Roxels/ docs
webhooks

Retries and idempotency

When a webhook fails, Roxels retries — but only when retrying makes sense. This page explains what's retryable, what's fatal, and the one rule your endpoint must follow.

The one rule: deduplicate by Idempotency-Key

Every webhook attempt carries the same Idempotency-Key header for the same commit. Your endpoint must check this key and ignore duplicates.

async function handleWebhook(req, res) {
  const key = req.headers["idempotency-key"];
  if (await db.processed(key)) {
    return res.status(200).end(); // already handled — return 2xx
  }
  // ... do the work
  await db.markProcessed(key);
  return res.status(200).end();
}

Without this dedup, a network blip causes Roxels to retry, and you process the same commit twice. With it, retries are safe.

Retryable vs fatal

Roxels decides based on the response.

Response Treated as
2xx Success. Done.
4xx (except 408, 429) Fatal. Won't retry. Your endpoint said "this request was bad" — retrying won't help.
408 Request Timeout Retryable.
429 Too Many Requests Retryable. Respects Retry-After header if present.
5xx Retryable. Server-side error; might be transient.
Network error, DNS failure, timeout Retryable.

If you want a request to NEVER retry — e.g. validation failed and you've logged the bad data — return 400, 403, or 404.

Retry policy

Retryable failures back off with jitter. The exact schedule isn't documented for a reason: it changes as we tune it based on what works for real customers.

What you can rely on:

  • Retries happen over a window measured in minutes, not hours.
  • After the window, the attempt is marked failed and won't be retried automatically.
  • You can manually retry a failed delivery from the conversation's detail page in the dashboard.
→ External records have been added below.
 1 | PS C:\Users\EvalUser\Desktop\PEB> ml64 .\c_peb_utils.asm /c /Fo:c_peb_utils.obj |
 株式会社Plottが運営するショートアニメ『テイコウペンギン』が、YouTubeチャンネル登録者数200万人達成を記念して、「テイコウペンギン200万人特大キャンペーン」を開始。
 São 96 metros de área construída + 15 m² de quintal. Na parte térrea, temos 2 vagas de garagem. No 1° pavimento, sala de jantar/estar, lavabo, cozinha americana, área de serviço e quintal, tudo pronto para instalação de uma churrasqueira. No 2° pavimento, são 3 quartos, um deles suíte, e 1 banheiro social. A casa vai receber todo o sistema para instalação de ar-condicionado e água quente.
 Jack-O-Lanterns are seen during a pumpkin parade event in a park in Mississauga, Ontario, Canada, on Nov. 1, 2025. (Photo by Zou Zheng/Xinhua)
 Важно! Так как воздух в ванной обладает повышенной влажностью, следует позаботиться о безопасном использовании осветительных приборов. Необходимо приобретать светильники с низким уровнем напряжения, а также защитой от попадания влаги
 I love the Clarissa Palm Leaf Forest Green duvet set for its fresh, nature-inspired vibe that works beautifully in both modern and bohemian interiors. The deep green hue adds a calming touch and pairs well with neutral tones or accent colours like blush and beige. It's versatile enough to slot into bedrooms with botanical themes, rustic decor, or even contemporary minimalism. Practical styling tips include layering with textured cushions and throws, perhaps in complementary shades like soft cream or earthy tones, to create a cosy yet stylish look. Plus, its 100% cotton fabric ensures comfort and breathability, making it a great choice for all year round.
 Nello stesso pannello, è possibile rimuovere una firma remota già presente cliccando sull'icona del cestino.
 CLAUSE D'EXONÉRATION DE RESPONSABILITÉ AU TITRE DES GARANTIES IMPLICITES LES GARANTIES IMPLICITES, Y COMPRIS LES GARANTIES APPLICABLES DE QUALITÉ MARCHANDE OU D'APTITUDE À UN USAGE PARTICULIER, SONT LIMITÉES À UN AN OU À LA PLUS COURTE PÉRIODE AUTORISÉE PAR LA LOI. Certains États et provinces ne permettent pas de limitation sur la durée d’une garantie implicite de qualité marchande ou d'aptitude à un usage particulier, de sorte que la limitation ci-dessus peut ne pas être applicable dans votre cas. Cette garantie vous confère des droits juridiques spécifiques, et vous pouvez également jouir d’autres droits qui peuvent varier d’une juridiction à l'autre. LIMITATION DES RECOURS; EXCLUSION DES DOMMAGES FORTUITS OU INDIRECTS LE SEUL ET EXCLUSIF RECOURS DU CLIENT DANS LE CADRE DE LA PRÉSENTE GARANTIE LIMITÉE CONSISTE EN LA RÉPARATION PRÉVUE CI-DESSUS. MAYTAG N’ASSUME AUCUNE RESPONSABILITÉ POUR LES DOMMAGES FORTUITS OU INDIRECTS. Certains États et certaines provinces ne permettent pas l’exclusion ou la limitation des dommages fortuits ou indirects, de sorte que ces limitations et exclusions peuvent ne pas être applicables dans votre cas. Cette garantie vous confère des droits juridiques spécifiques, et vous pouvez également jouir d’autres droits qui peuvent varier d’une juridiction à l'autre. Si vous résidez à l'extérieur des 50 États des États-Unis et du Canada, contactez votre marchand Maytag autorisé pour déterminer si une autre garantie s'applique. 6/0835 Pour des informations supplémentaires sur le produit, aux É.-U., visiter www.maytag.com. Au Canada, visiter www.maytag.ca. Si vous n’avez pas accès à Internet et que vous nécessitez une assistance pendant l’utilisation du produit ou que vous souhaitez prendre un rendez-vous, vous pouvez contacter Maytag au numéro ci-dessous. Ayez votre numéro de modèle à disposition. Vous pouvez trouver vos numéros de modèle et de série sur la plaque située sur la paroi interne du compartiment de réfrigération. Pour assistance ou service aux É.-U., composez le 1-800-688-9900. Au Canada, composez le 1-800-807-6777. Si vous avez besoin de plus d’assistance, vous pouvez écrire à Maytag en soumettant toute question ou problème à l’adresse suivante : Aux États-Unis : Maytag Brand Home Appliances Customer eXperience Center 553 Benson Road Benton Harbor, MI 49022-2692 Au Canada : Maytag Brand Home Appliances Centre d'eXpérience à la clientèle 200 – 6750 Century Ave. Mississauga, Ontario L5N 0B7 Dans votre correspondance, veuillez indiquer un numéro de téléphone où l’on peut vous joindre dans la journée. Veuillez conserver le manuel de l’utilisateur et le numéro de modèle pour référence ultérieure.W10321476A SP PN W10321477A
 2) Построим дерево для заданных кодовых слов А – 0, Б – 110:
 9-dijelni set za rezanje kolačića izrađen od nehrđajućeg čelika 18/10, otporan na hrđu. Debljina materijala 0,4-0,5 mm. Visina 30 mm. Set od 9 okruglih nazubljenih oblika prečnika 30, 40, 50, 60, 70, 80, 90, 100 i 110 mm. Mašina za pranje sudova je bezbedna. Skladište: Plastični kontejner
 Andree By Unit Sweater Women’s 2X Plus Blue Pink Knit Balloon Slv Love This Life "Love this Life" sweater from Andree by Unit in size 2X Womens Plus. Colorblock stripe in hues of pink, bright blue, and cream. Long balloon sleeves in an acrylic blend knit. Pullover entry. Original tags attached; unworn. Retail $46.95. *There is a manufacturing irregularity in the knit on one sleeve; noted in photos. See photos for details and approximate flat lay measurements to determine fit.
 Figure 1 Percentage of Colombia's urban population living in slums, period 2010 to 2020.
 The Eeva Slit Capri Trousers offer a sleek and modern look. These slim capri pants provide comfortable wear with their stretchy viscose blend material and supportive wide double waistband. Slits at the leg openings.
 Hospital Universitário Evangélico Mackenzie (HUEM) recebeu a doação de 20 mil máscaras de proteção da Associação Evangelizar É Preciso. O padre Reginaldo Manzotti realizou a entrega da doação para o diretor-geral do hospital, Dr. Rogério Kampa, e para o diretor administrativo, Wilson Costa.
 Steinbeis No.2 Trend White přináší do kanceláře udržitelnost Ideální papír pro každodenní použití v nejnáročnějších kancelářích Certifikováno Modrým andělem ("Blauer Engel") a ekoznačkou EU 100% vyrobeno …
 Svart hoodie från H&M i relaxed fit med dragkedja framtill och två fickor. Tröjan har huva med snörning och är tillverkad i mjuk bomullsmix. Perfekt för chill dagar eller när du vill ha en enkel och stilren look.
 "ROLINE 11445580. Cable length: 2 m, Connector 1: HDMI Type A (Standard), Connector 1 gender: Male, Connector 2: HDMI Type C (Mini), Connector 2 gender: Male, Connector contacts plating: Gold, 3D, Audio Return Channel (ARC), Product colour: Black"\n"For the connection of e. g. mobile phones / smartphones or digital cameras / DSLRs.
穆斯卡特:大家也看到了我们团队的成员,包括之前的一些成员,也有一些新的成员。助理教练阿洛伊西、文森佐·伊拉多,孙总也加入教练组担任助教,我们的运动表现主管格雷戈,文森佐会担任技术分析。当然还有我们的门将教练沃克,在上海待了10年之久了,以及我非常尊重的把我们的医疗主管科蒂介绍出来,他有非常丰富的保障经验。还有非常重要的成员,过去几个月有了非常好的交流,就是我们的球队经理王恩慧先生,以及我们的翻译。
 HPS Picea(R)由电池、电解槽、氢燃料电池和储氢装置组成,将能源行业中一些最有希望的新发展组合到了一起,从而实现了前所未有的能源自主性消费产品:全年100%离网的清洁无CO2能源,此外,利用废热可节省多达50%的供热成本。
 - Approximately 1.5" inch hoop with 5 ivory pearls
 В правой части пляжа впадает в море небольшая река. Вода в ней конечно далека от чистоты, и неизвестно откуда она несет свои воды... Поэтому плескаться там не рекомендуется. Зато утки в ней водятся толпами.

What happens on permanent failure

If every retry fails, the conversation's outputs.webhooks entry shows status: "failed" with all attempts and their errors. The conversation itself continues — the agent keeps talking — and other outputs still fire.

You can:

  • Manually retry from the dashboard once your endpoint is back up.
  • Query the API for failed deliveries and act on them.
  • Subscribe to webhook-failed alerts (configure in the dashboard) so you find out before the customer does.

Failure learnings

Roxels watches webhook failures and accumulates learnings — short observations about what went wrong, attached to the template. Examples:

  • "POST body included a null for the email field; your API rejects null."
  • "The external_id interpolated as undefined because session context didn't include it."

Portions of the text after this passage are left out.